• **TASK INPUTS**
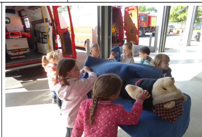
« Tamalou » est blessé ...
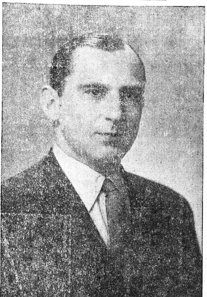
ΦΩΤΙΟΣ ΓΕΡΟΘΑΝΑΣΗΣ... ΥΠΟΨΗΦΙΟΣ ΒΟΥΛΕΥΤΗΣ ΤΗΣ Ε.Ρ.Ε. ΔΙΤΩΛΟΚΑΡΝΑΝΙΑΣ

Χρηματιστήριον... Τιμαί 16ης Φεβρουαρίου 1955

---

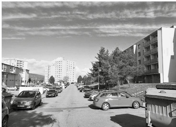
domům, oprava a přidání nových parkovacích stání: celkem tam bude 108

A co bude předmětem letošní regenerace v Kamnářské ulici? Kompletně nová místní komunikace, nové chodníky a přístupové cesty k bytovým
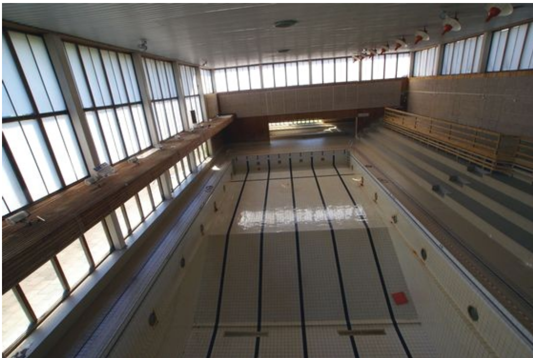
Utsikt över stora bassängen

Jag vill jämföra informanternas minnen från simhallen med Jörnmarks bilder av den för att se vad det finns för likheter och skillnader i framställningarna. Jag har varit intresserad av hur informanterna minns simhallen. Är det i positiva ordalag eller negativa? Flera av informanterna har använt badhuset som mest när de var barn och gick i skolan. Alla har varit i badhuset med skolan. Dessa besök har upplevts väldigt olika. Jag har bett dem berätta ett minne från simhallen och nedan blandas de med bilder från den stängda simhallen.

---

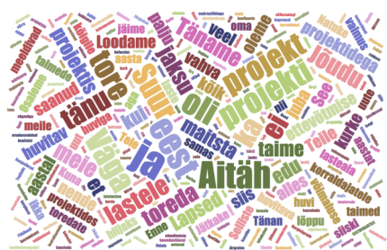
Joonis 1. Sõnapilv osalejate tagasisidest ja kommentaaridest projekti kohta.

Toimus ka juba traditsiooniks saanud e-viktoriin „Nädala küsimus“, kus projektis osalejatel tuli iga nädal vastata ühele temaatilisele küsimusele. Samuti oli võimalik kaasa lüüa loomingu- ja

• **TASK BRIEF**
Reproduce the data above exactly, but only from the line containing "A co bude předmětem" through the line containing "Utsikt över stora bassängen"; skip the pictures.

• **RESPONSE BOX**
A co bude předmětem letošní regenerace v Kamnářské ulici? Kompletně nová místní komunikace, nové chodníky a přístupové cesty k bytovým
Utsikt över stora bassängen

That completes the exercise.